# My Composition Titled "Goliath"



## Captainnumber36 (Jan 19, 2017)

Listen and see what you think, I love honest feedback!


----------



## EddieRUKiddingVarese (Jan 8, 2013)

Nice mood music


----------



## Captainnumber36 (Jan 19, 2017)

EddieRUKiddingVarese said:


> Nice mood music


Good way to put it! Thanks.


----------



## EddieRUKiddingVarese (Jan 8, 2013)

Captainnumber36 said:


> Good way to put it! Thanks.


Could see it as background to a scene in a movie


----------



## Pugg (Aug 8, 2014)

EddieRUKiddingVarese said:


> Could see it as background to a scene in a movie


I agree with Mr Eddie.


----------



## dzc4627 (Apr 23, 2015)

Captainnumber36 said:


> Good way to put it! Thanks.


Is that the kind of thing you _want_ to write? Mood/background music?


----------



## Captainnumber36 (Jan 19, 2017)

dzc4627 said:


> Is that the kind of thing you _want_ to write? Mood/background music?
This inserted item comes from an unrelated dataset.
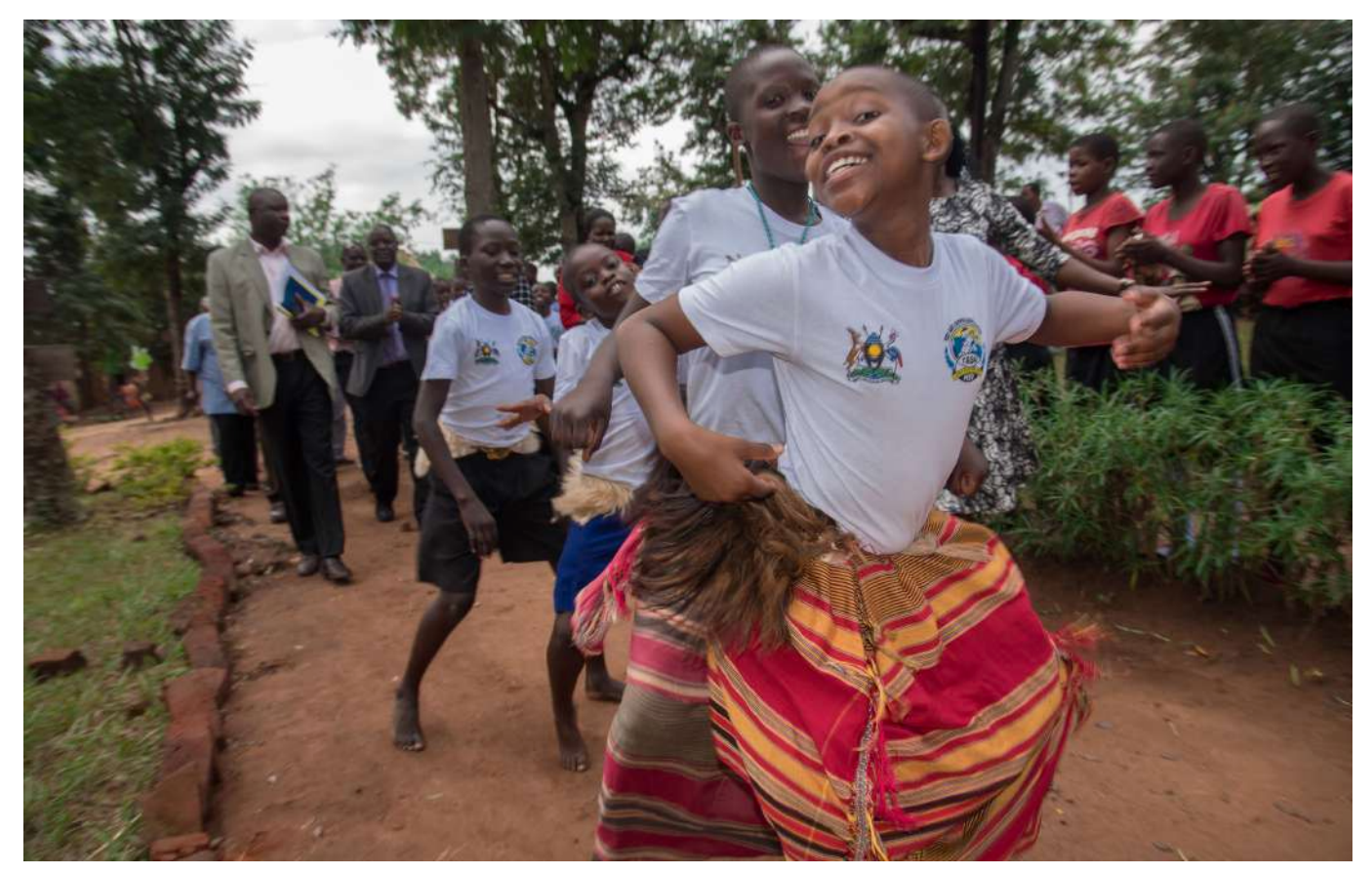
Uganda/Malaria Smart Schools images.

Boarding schools are particularly important targets for vector control measures to protect school-age children from malaria. IRS spraying of boarding schools is important to achieve community-wide IRS coverage and protect school-age children while sleeping. Installing window and door screens in dormitories, ensuring bednet usage among students, and encouraging students to prevent bites through use of repellent or wearing long-sleeved shirts and trousers can all help protect students at boarding schools from malaria infection.

I like performing my pieces for audiences, I know that much. Everyone will see it differently and enjoy it in their own way. However someone enjoys it is ok with me!

I do find my music creates a strong mood though, that is what I liked about Eddie's comments. I think some will enjoy seeing this music performed, some may prefer it to background to what they are doing. Any way it's enjoyed is ok with me, though!


----------